# SRAM jockey wheel bolt / axle thingy! HELP!



## z1ppster (Aug 15, 2010)

hi all 

please can someone help??

ive managed to round out the bottom jockey wheel axle bolt screw thingy.. it was thread locked in and my allen key just rounded it like cheese  ive been into my LBS today and apparently sram want to charge £85 for the rear kit which includes this bolt!! i can buy a whole new rear mech for a few quid more 

looking at this its almost exactly the same as the shimano ones (that are readily avavilble to buy aftermarket) but the axle is a fraction thinner so in other words the shimano ones will not go thru the jockey wheel.

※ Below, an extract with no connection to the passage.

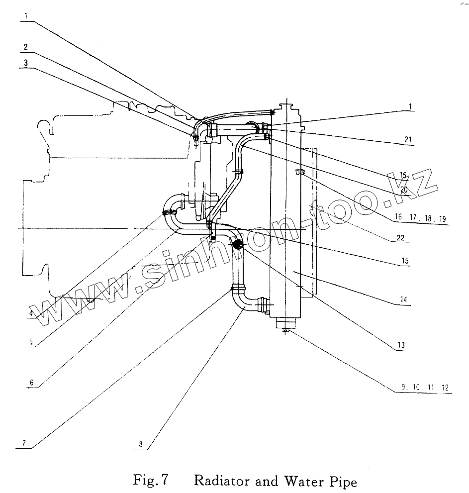Каталог запасных частей к технике: XCMG XSM218 (XSM220). Радиатор и водяные трубопроводы

please please can someone tell me where/if i can get a replacement ( ive tried my local nuts and bolts shop aswell)

HELP! 


Thanks in advance 


Andy..


----------



## Kristatos (Jan 10, 2008)

I bit the bullet once and just bought a new SRAM rear mech for one of my bikes when I needed some parts, as I ran into the same issue in that to get the parts alone it would cost nearly as much as the whole enchilada. 

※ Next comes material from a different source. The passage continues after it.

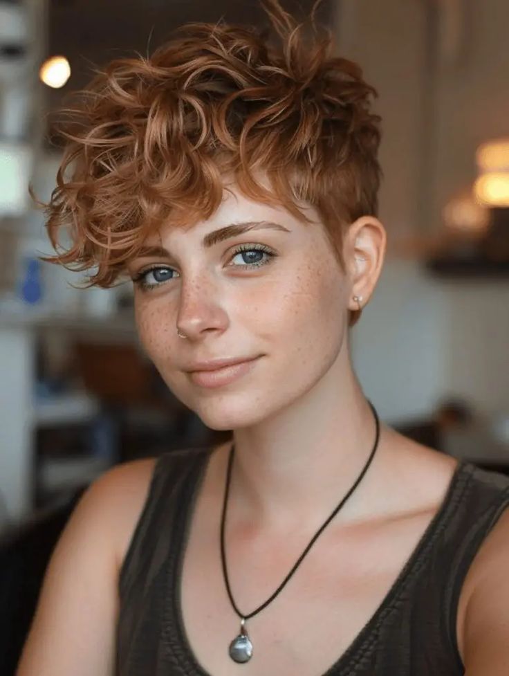 This Pixie cut is a delightful blend of softness and volume, ideal for those with naturally curly or wavy hair. The tousled curls create a natural aesthetic, framing the face beautifully and drawing attention to your cheekbones and jawline. This style is particularly flattering for a round face, as the volume on top elongates the overall shape. It’s a versatile choice, easy to pair with casual outfits or a statement lip for an elegant evening look.

It's the same with Avid brakes, etc. Broke a lever blade on my MTB and the replacement blade was almost as much as a replacement lever assembly, which was almost as much as a whole new brake/caliper setup. 

Usually what I do these days is scan Craigslist or even post a wanted ad in Craigslist for the small parts I am looking for - usually someone has a part they aren't using in their shop/garage that can be had for a small fraction of what they cost new. I've helped a few people out in my area who were on the lookout for this kind of stuff, and if you were in SoCal as opposed to the UK you'd be all set!


----------



## z1ppster (Aug 15, 2010)

bugger.  i guess ill upgrade to a RED one then


----------



## Ray_from_SA (Jun 15, 2005)

The lower bolt from a Shimano derailleur will work too. I ran into the same issue as you. I drilled the original bolt out (it's aluminum so easy to drill) and replaced with a Shimano one I had in my parts box.

See if your LBS has any destroyed derailleurs or parts laying around and go to work.


----------



## z1ppster (Aug 15, 2010)

Bugger I tried a shimano one but it wouldn't fit through the jockey wheel

I guess it's different on 2010 force


----------